Это, правда, не значит, что в рамках дискуссии была выдвинута какая-то определенная концепция, предложена идея особой формы историко-философского исследования. Но, двигаясь кружным путем, такую идею, выраженную, так сказать, в отрицательном виде, удалось выдвинуть и даже обсудить, как и некоторые частные вопросы, относящиеся именно историко-философскому исследованию. Центральное место в этом отношении занимает выступление Б.М. Кедрова, который, собственно, и пришел к идее такой особой формы, хотя он и выдвинул тезис об отрицании необходимости ее выработки. Основная мысль оратора состояла в утверждении о том, что историю философии надо излагать, ориентируясь не на национальные регионы и не на основе анализа исторической ситуации в стране, в которой родилась данная философская система, а рассматривая весь процесс в международном масштабе. Эта мысль, правда, сопровождалась многочисленными оговорками насчет того, что так следует излагать историю философии «прежде всего», «в первую очередь» и т. д. Но все-таки оратор приходил к выводу о том, что изложение истории философии по странам само по себе есть изложение несостоятельное. «Развитие мировой философской мысли.., — говорил он, — следует рассматривать в первую очередь не по отдельным странам, а по определенным социальным эпохам»; «строить историю мировой философии следует прежде всего не по странам, не исходя из ее национальных различий и особенностей, а по важнейшим историческим эпохам»3 (курсив везде мой. — З. К). Кедров не отрицал возможности и даже необходимости на какой-то стадии исследования и в каком-то (правда, оставалось не совсем ясно, в каком) отношении излагать историю развития философии в отдельной стране. Однако пафос его выступления заключался в стремлении подчеркнуть подчиненный, несамостоятельный характер подобного рассмотрения. Из совершенно верной предпосылки, состоявшей в том, что нельзя изучать историю какой-либо национальной философии изолированно от других, делался вывод о том, что постановка задачи исследования национальной философии как самостоятельная и равная по значимости исследованию истории во всемирно-исторической форме неправомерна и даже вредна.

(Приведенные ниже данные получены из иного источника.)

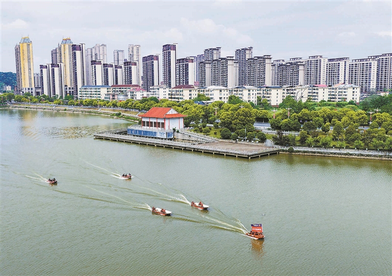 4月24日,都昌县消防救援大队联合蓝天救援队举行抗洪抢险演练,提升防汛应急处置和水上抢险救灾能力。通讯员 傅建斌摄
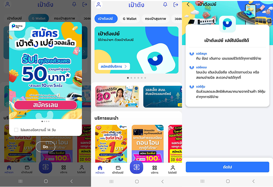 - กิจกรรมส่งเสริมการขายนี้ สำหรับลูกค้าที่ต้องการสมัครบัตร Play บนเป๋าตังเปย์ ในแอปพลิเคชันเป๋าตัง ภายในระยะเวลาส่งเสริมการขายเท่านั้น ลูกค้าจะได้รับการยกเว้นค่าธรรมเนียมการออกบัตรมูลค่า 50 บาท และค่าธรรมเนียมการจัดส่งบัตร มูลค่า 42 บาท มูลค่ารวม 92 บาท
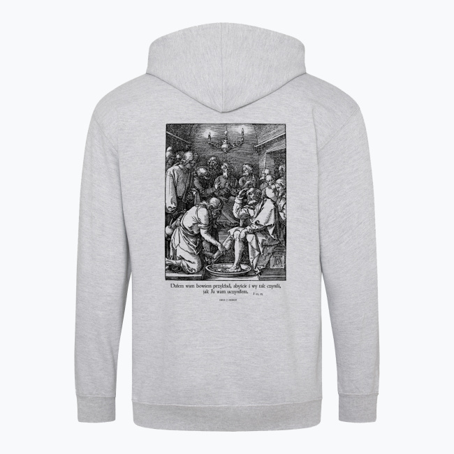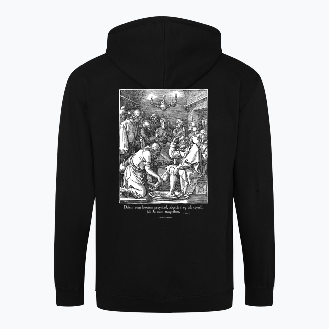 Na tym drzeworycie niemieckiego mistrza renesansu widzimy zszokowane miny uczniów, Jezusa z miską wody i ręcznikiem myjącego stopy Piotra. Projekt opatrzyliśmy cytatem z Ewangelii św. Jana.
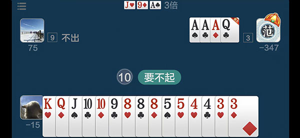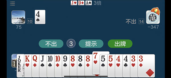 三张底牌将属于地主,收牌前需要亮出底牌让所有人都能看到。地主首先出牌,然后其他选手按逆时针顺序依次出牌,需要跟牌时,可以选择“不出”或出一副比上一个玩家大的牌。当有选手出完牌时则结束本局比赛。
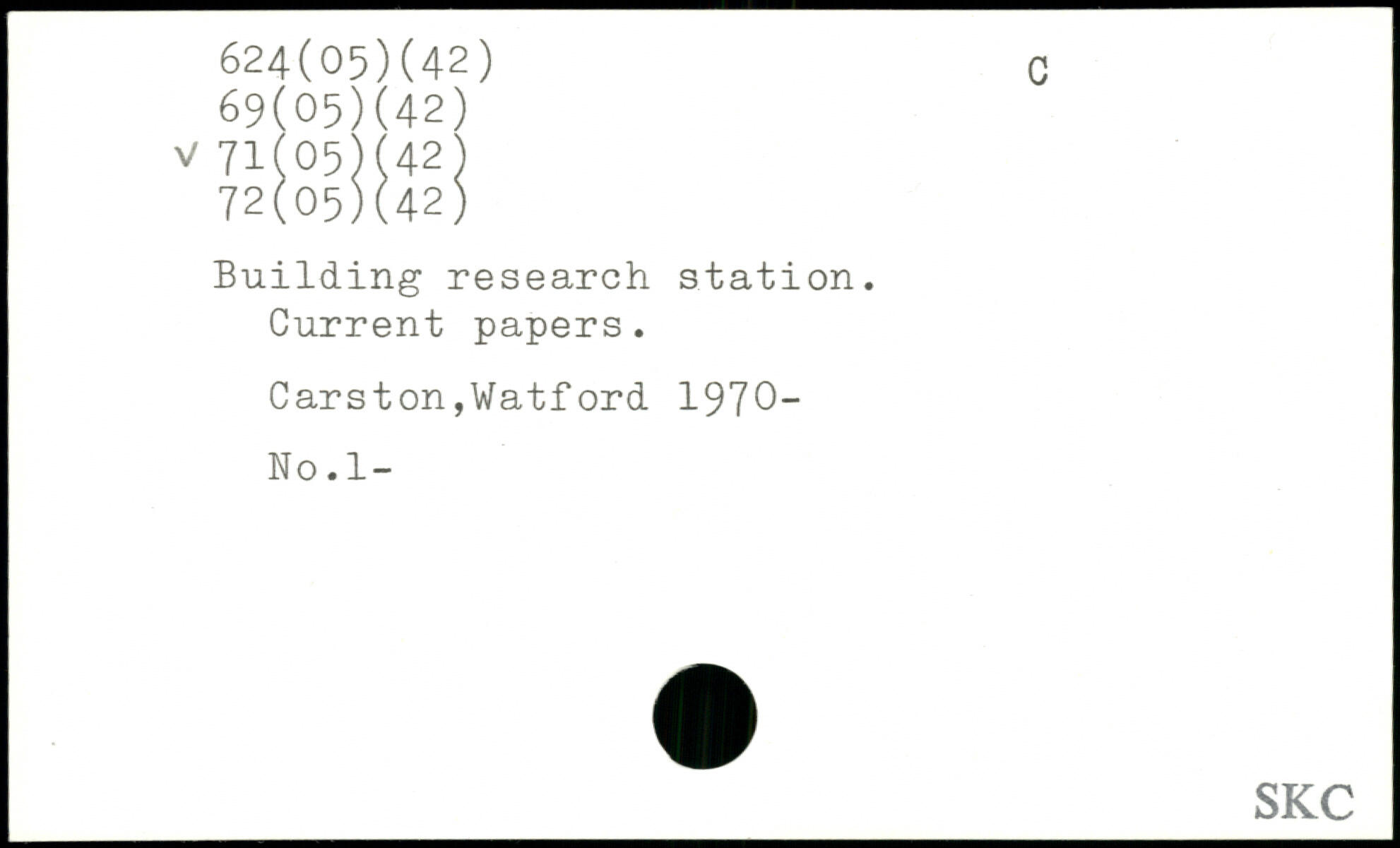 Building research station. Current papers. CarstonjWatford 1970- No.1-
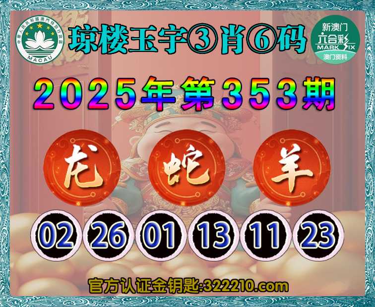 353期:『琼楼玉宇』 🥉③肖⑥码🥉【龙羊】开:蛇01

Ряд ораторов (З.В. Смирнова, М.З. Селектор и др.), по существу, поддержал Б.М. Кедрова в его критике националистических тенденций в историко-философском исследовании. Однако критики сосредоточились на вопросе о необходимости изучения истории философии в плане национальном, не упуская при этом из виду общечеловеческий, международный ход историко-философского процесса. Так, С. Данелиа, беря под сомнение правомерность термина «западноевропейская философия», употребленного Г. Александровым уже в самом заголовке своей книги, подчеркивал единство национального, но при этом он сосредоточивался на правомерности существования истории национальной философии как самостоятельной формы исследования. «Есть философия английская, французская, русская. Но все эти национальные формы философии суть части единой философии человечества. Термин “западноевропейская философия”, — продолжал оратор, — может в некоторой мере угрожать идее этого единства»4.

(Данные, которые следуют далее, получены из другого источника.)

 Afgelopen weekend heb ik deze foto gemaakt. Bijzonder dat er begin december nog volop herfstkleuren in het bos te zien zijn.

В прямую полемику с Б.М. Кедровым вступили В.П. Чертков и В.С. Молодцов, выступившие против игнорирования исследований национальных философий5. Безотносительно к выступлению Кедрова, а главным образом в связи с проблемами изучения истории русской философии, той же теме посвятили свои выступления М.Т. Иовчук, И.Я. Щипанов, Б.А. Фингерт, З.В. Смирнова, М.З. Селектор. И хотя во всех этих выступлениях содержались некоторые общетеоретические положения об особой, национальной, форме историко-философского исследования (сюда же следует отнести и некоторые идеи, выдвинутые в статье автора этих строк, которая фактически продолжала начавшуюся ранее дискуссию6), на той стадии развития отечественной литературы по методологии истории философии дело еще не дошло до теоретического обобщения, в котором подобная форма была бы признана в качестве самостоятельной.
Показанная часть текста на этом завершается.